Reporting sur la gestion des risques

Les obligés devront publier des informations sur la prise en compte des critères ESG dans la gestion des risques (physiques, de transition et de responsabilité) liés au changement climatique et à la biodiversité.

Ce reporting inclura en particulier :

  • Le process d’identification, d’évaluation, de priorisation et de gestion des risques liés à la prise en compte des critères ESG, ainsi que la manière dont ce processus répond aux recommandations des autorités européennes de surveillance financière
  • Description des principaux risques en matière ESG pris en compte et analysés, avec une caractérisation de ces risques (caractère actuel ou émergent, exogène ou endogène à l’entité, leur occurrence, leur intensité, et l’horizon de temps qui les caractérise, etc.), leur segmentation (risques physiques, de transition, de contentieux ou de responsabilité liés aux facteurs environnementaux), une indication des secteurs économiques et des zones géographiques concernés par ces risques, du caractère (récurrent ou ponctuel) des risques retenus, et enfin une explicitation des critères utilisés pour sélectionner les risques importants et leur pondération.
  • Un plan d’action visant à réduire l’exposition de l’entité aux principaux risques ESG pris en compte
  • Une estimation quantitative de l’impact financier des principaux risques en matière ESG identifiés et de la proportion des actifs exposés, ainsi que l’horizon de temps associé à ces impacts, comprenant notamment l’impact sur la valorisation du portefeuille. Dans le cas d’une déclaration qualitative, l’entité décrit les difficultés rencontrées et les mesures envisagées pour apprécier quantitativement l’impact financier de ces risques.

Plan d’amélioration

Seuls les gestionnaires d’actifs ayant plus de 500M€ de bilan ou d’encours devront publier toutes les informations suivantes. Le décret  prévoit aussi la possibilité de publier les informations au niveau de l’ensemble ou d’une partie d’un groupe.

Le décret donne la possibilité de ne pas publier certaines informations demandées. Elles devront cependant présenter un plan d’amélioration comprenant une identification des opportunités d’amélioration de la stratégie actuelle et des actions concrètes permettant l’amélioration de la situation actuelle. Des informations sur les changements stratégiques et opérationnels introduits (ou à introduire) à la suite de la mise en place des actions correctives seront aussi à communiquer avec les objectifs et calendrier des mesures.

 

Transmission du rapport à l’Ademe

Les informations seront présentées dans les 6 mois suivant la clôture de l’exercice dans un rapport annuel au format standardisé obligatoire (article 4 du règlement SFDR). Elles devront aussi être publiées sur une page du site internet du gestionnaire et transmises aux autorités compétentes, ainsi qu’à l’Ademe, qui pourra en exploiter les données à des fins d’études statistiques sur la Plateforme de la transparence climatique.
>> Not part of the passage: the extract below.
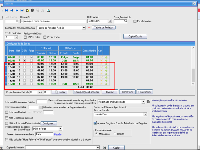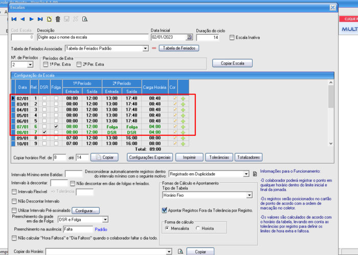 Na próxima semana, começando na segunda feira do dia 9 de janeiro, o funcionário começa a trabalhar em outro horário e tambem trabalhará no sábado, então preenchemos todos os dias e marcamos somente o Domingo como DSR

Le décret prévoit des dispositions transitoires.

Le gouvernement prévoit qu’un « bilan de l’application des dispositions » du présent décret sera réalisé par le gouvernement à l’issu des deux premiers exercices (avant Décembre 2023), puis tous les 3 ans. Ces « bilans » s’appuieront sur les travaux de l’Autorité des marchés financiers et de l’Autorité de contrôle prudentiel et de résolution.